'I started a biz - and now it's failing'April 3, 2009: 10:28 AM ET
Our experts try to jump-start a struggling auto services venture.
Eddie Freeman II, Lube N Go Michigan!, Mich.
I started a mobile oil change business. We change your vehicle's oil at your location, work or home, for $24.95. I am having trouble launching the business - the phone is just not ringing, and I am having no luck with fleet businesses. I've tried word-of-mouth marketing and handing out fliers. I started the business with my own money when gas was $4 a gallon to save customers money and time. Everyone thinks the idea is great, but no one is using it. I quit my job as a dealership service manager to start this business. What advice do you have to get it going?
By Emily Maltby, CNNMoney.com writer
There are a lot of things working against your business right now, both in and out of your control. First is the economy. People are putting off expenses that aren't imperative, and they may wait an extra couple thousand miles before spending money on an oil change.
"Nationwide, the majority of shops are experiencing a downturn," says David Rogers, president of Auto Profit Masters, an advisory firm for auto service shops, and COO of repair shop Keller Brothers Auto in Littleton, Colo. "I've seen many have to take measures like opening extra days and staying open at night, but it's not working."
Another other issue is your competition. You're up against not only mom-and-pop establishments and service gas stations, but the JiffyLube and Midas chains as well.
"It's a cutthroat market, where people are offering the cheapest of cheap, $10 to $14," Rogers says. "Even on Craigslist, there are no-name people who will do your oil change to earn a few extra bucks."
But the main problem you should focus on right now is your business model.
"This concept has been tried before, but from what I've seen, most of them are suffering," says Rogers. "And it's because consumers are simply not comfortable with it. People are conditioned - they like the feeling of going to a brick-and-mortar shop. With your model, they think of a greasy guy jacking up their car in a parking lot and then they'll have to get it towed to a shop anyway. Or, if they're at work, you'll come in and interrupt what's going on. On the surface, it seems pretty sketchy, so it'll be a long road to overcome that image."
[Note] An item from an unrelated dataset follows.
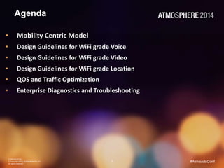 The document outlines guidelines for designing WLAN systems to effectively support voice, video, and location services within mobile enterprise environments. Key topics include RF design principles, authentication methods, QoS practices, and troubleshooting techniques essential for optimizing wireless network performance. It emphasizes the need for robust coverage, efficient client management, and adherence to best practices to ensure reliable service delivery.
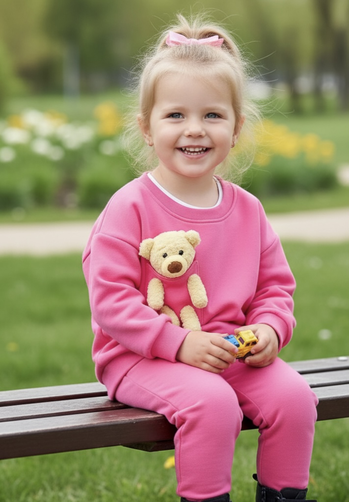 Bavlněná teplá mikina v růžové barvě s vyndavací hračkou v ceně. Medvídek bydlí v kapse s tlapkami ve vyšitých otvorech a je vyndavací na hraní. Poctivá česká výroba, velikosti sedí. Naše produkty získaly patent pro celou EU, jsme jediný výrobce. Složení 90 % kvalitní počesaná bavlna a 10 % pes, skvělá gramáž 280 g/m2. Odešleme ihned i na Slovensko, do 2 dnů máte doma.

To start turning that around, marketing is vital.
"When you have a product that's unlike any other, people have no trust," says Jim Lanzalotto, president of marketing firm Scanlon.Louis in Newton Square, Penn. "The trick is to show them why they can't live without this service, and the best way to do that is to offer free trials. That will get the relationships established, and you'll also start to get feedback."
But you don't want to just give away free services randomly. The key is to focus on the gatekeepers of word-of-mouth advertising. For instance, offer free trial services to your local radio announcers or writers from your hometown newspaper. If they like the service and talk about it, your name will spread faster.
To help your marketing, make sure your name says it all, so that people understand what you are all about the instant they hear your company's name. "Your name is a value proposition," says Lanzalotto. "'Lube 'n Go' - does that mean 'I drive to you?' It's not clear."
Also reevaluate who your target customers are and how you can access those customers. Instead of trying to focus on individual employees at companies, Lanzalotto suggests arranging a deal with the HR managers of those companies. See if you can get a coupon program going for the whole office.
Also, one great place to find car owners is gas stations. Try to partner with fuel stations that don't have their own service center. You can organize a referral or revenue-share deal with them to boost their incentive to tout your business.
Polishing your image can also pay off. "You have to come off square - you have to scream professionalism, from the uniforms to the truck you drive," Rogers says.
Your truck should be lettered and decorated with your logo so that people who drive by can see what you are doing. "It's a staging area," Lanzalotto says. "Put out banners and signs when you do your work, something like, 'Another oil change by Eddie Freeman.'"
And, tough as it is to put entrepreneurial dreams on hold, you'll also need to think about an exit strategy. When consumers aren't spending, even strong businesses can face insurmountable obstacles.
"This is not the greatest time to launch this type of business, particularly if you don't have a lot of experience," Rogers says. "This is the time to study and find help. I'd say you need two years of operating expenses and marketing and advertising expenses to make it through."